Services inflation came in marginally lower than expected at 5.0%. Although this marks a 0.6% acceleration from last month, December's figures were artificially low due to improper measurement of Christmas airfares. More significantly, our measure of core services, which excludes volatile items (including airfares) and rents, has shown steady improvement, now at 4.2%, down from 4.7% two months ago. We expect this benign trend in services inflation to persist in the second quarter and support our projection of one rate cut per quarter this year.
EUR/GBP broke below 0.8300 yesterday as the euro continued to show idiosyncratic underperformance likely linked to the EU’s geopolitical isolationism relative to the US. We’d be careful picking a bottom in the pair just yet, and a move to 0.820 is not out of scope. In the longer run, we deem at least 25bp worth of dovish repricing is due in the GBP curve, which should offer some support to EUR/GBP.
Francesco Pesole
NZD: Rallying on unchanged rate projections
The Reserve Bank of New Zealand (RBNZ) cut rates by 50bp to 3.75%, in line with our call and the broader market consensus. The Kiwi dollar is trading on the strong side as the Bank did not revise its terminal rate projections lower (still at 3.10%), despite retaining an optimistic view that inflation will remain within the target band and flagging growing downside risks to the economy.

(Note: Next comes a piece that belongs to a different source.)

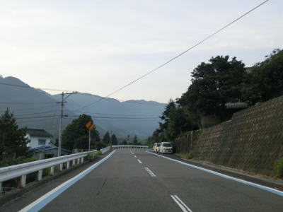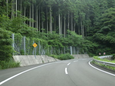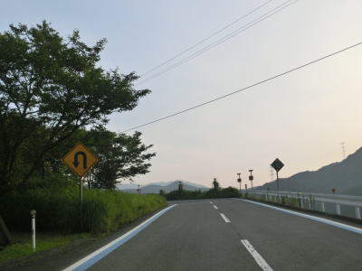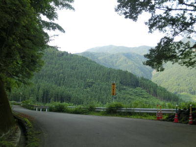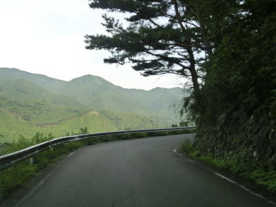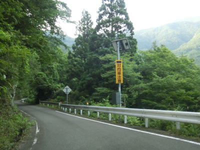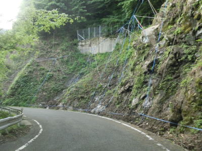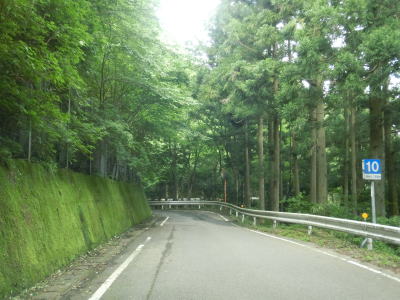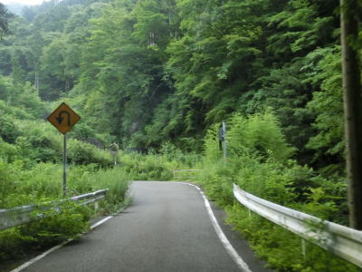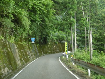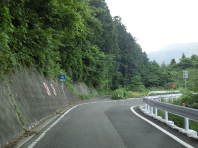 | 交通量の少ない山岳狭路をひたすら走る。小刻みなカーブが連続している中にヘアピンカーブもあり見通しは良くない。工事している場所を通過するが、道路改良ではなく落石対策である。道幅が狭いため、この工事が行われている場合も時間帯通行止規制が敷かれる可能性がある。 | ||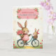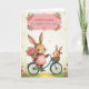 This card shows two rabbit-like friends riding together through a sunny spring scene, with a tender closeness in the way the smaller one leans forward to peek out 🐰. A larger brown-furred character with dark eyes and rosy cheeks pedals a teal bicycle, wearing a soft pink patterned pinafore while holding a bouquet of coral roses close to their chest. In the front wicker basket, a smaller companion with a little red bow sits snugly, looking up as if sharing a quiet, happy moment 🐇. The wheels roll along a winding golden path bordered by green grass and scattered red flowers, suggesting a gentle outdoor stroll. Behind them, the sky and fields blend into pale yellows and greens, dotted with small pink starburst shapes that add a light, celebratory touch. Near the top, the main text sits inside an ornate banner with curled edges, and extra roses decorate the sides of the frame. The banner is centered in the upper portion, with the lettering set neatly against the light background for easy reading. The teal bike frame, spoked wheels, and woven basket stand out against the soft pastel backdrop and the golden path below.

The indications are that this was the last 50bp reduction, and NZD is benefitting from seeing the end of the easing cycle sooner than previously thought. Early aggressive easing by the RBNZ suggests New Zealand can be better prepared to face trade headwinds than Australia, and we still expect a gradual depreciation in AUD/NZD in the medium run.
For now, we don’t think the impact on NZD/USD from a slightly less dovish than expected RBNZ will be long-lasting. As we expect a return of US trade policy as a central market theme in the coming weeks, we think the Kiwi dollar remains vulnerable. And the RBNZ’s increased concerns about the growth outlook may allow some dovish repricing in the NZD curve despite the unchanged rate projections.
We expect a return to 0.56 by the end of this quarter in NZD/USD, and a move to 0.55 in the second quarter as US protectionism risk intensifies.